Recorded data

#####

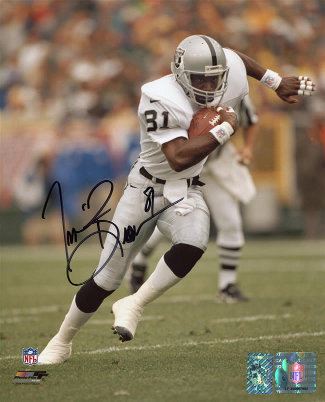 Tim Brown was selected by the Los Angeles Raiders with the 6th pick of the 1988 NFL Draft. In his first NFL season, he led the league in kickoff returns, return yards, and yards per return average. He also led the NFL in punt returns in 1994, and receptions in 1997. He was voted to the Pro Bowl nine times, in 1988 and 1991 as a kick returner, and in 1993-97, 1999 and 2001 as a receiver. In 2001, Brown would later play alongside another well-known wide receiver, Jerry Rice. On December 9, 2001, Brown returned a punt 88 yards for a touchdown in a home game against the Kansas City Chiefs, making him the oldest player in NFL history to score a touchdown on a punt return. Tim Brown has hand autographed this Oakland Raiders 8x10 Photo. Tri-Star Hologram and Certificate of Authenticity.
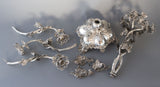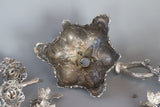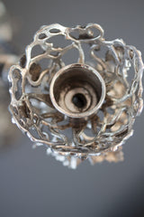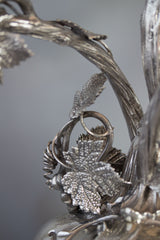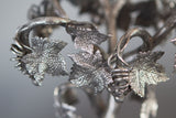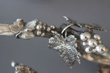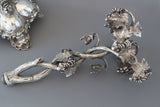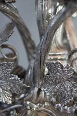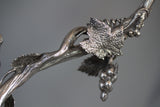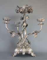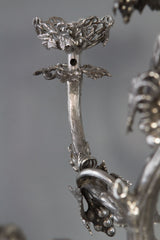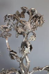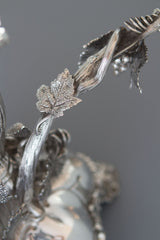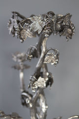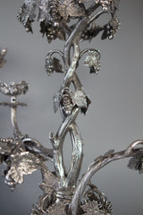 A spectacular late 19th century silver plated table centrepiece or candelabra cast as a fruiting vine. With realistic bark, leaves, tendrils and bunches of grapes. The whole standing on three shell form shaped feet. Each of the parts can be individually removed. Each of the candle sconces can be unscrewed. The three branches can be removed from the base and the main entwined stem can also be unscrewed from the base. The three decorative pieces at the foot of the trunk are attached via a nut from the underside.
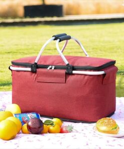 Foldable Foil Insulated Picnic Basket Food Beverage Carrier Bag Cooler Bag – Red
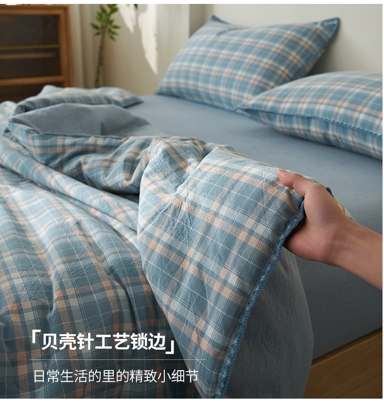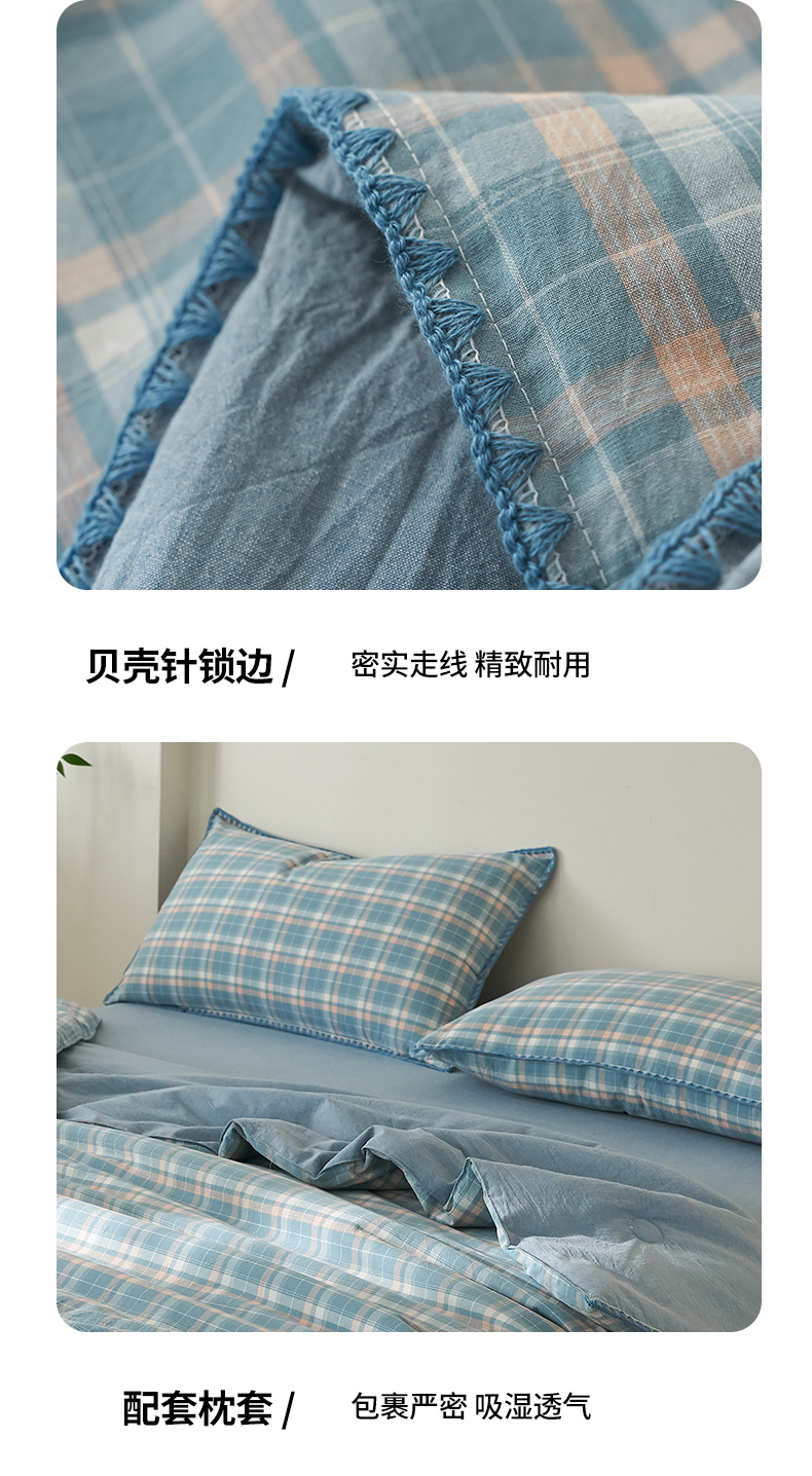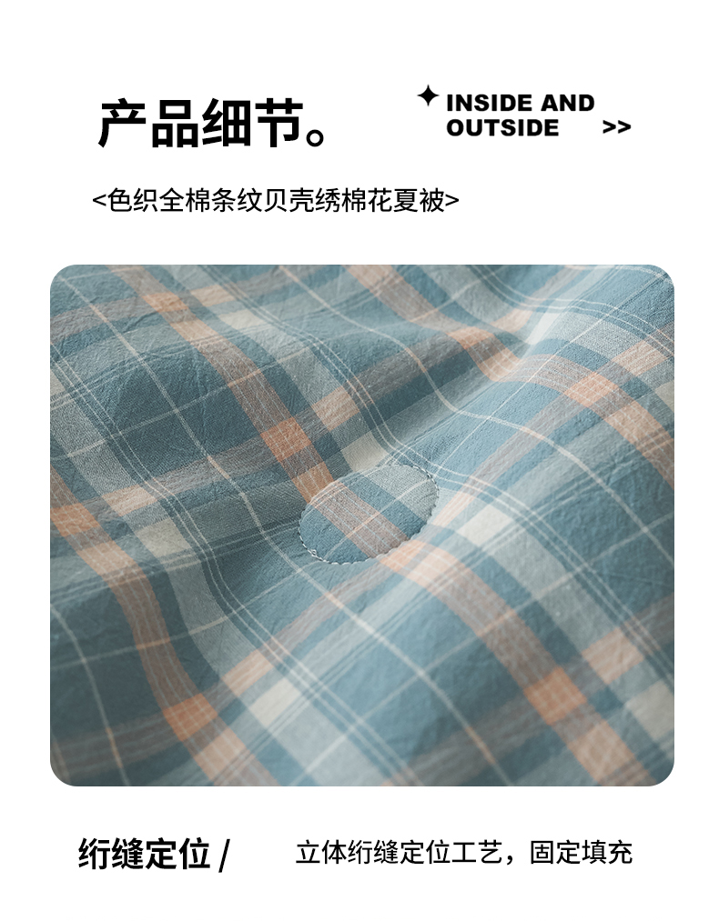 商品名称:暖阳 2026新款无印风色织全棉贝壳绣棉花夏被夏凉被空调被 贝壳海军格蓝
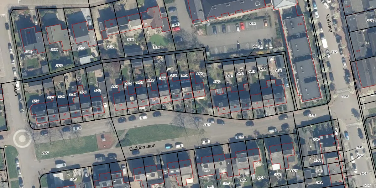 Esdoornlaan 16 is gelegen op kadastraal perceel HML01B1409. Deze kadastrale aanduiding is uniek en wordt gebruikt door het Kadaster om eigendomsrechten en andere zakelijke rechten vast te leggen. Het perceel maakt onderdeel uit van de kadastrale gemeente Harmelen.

#####

- **What you should do**
Without including the pictures, copy all of the data exactly.

- **Output for this exercise**
 Tim Brown was selected by the Los Angeles Raiders with the 6th pick of the 1988 NFL Draft. In his first NFL season, he led the league in kickoff returns, return yards, and yards per return average. He also led the NFL in punt returns in 1994, and receptions in 1997. He was voted to the Pro Bowl nine times, in 1988 and 1991 as a kick returner, and in 1993-97, 1999 and 2001 as a receiver. In 2001, Brown would later play alongside another well-known wide receiver, Jerry Rice. On December 9, 2001, Brown returned a punt 88 yards for a touchdown in a home game against the Kansas City Chiefs, making him the oldest player in NFL history to score a touchdown on a punt return. Tim Brown has hand autographed this Oakland Raiders 8x10 Photo. Tri-Star Hologram and Certificate of Authenticity.
 A spectacular late 19th century silver plated table centrepiece or candelabra cast as a fruiting vine. With realistic bark, leaves, tendrils and bunches of grapes. The whole standing on three shell form shaped feet. Each of the parts can be individually removed. Each of the candle sconces can be unscrewed. The three branches can be removed from the base and the main entwined stem can also be unscrewed from the base. The three decorative pieces at the foot of the trunk are attached via a nut from the underside.
 Foldable Foil Insulated Picnic Basket Food Beverage Carrier Bag Cooler Bag – Red
 商品名称:暖阳 2026新款无印风色织全棉贝壳绣棉花夏被夏凉被空调被 贝壳海军格蓝
 Esdoornlaan 16 is gelegen op kadastraal perceel HML01B1409. Deze kadastrale aanduiding is uniek en wordt gebruikt door het Kadaster om eigendomsrechten en andere zakelijke rechten vast te leggen. Het perceel maakt onderdeel uit van de kadastrale gemeente Harmelen.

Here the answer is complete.